Sum of Feature Values of Alternating Sequences

Consider a sequence consisting only of the digits \(0\) and \(1\). We call a sequence an alternating sequence if and only if it does not contain two consecutive \(1\)s (consecutive \(0\)s are allowed). For example, 000, 001, and 101 are alternating sequences, whereas 110 is not.

For an alternating sequence of length \(n\), let \(x\) and \(y\) be the number of occurrences of \(0\) and \(1\) respectively. Given parameters \(a\) and \(b\), the feature value of the sequence is defined as \[ x^a y^b, \] with the convention that any integer raised to the 0th power equals \(1\) (including \(0^0=1\)).

Since there might be multiple alternating sequences of length \(n\), compute the sum of the feature values for all such sequences, and output the result modulo a given prime \(m\).
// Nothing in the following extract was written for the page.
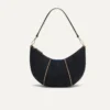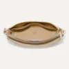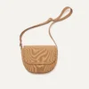 - Detachable, adjustable crossbody strap with an elevated saddle stitch detail in light brown.

The key observation is that for a fixed number \(y\) of ones, the number of alternating sequences is given by the combinatorial formula \[ C(n-y+1, y), \] which counts the ways to place \(y\) ones in the \(n\)-length sequence so that no two are adjacent. Note that in such a sequence, the number of \(0\)s is \(x=n-y\). Thus, the answer is \[ \sum_{y=0}^{\lfloor\frac{n+1}{2}\rfloor} C(n-y+1,y)\cdot (n-y)^a\cdot y^b \pmod{m}. \]

inputFormat

The input consists of a single line containing four space‐separated integers \(n\), \(a\), \(b\) and \(m\), where \(m\) is a prime number.

outputFormat

Output a single integer representing the sum of the feature values of all alternating sequences of length \(n\), taken modulo \(m\).

sample

3 1 2 1000000007

10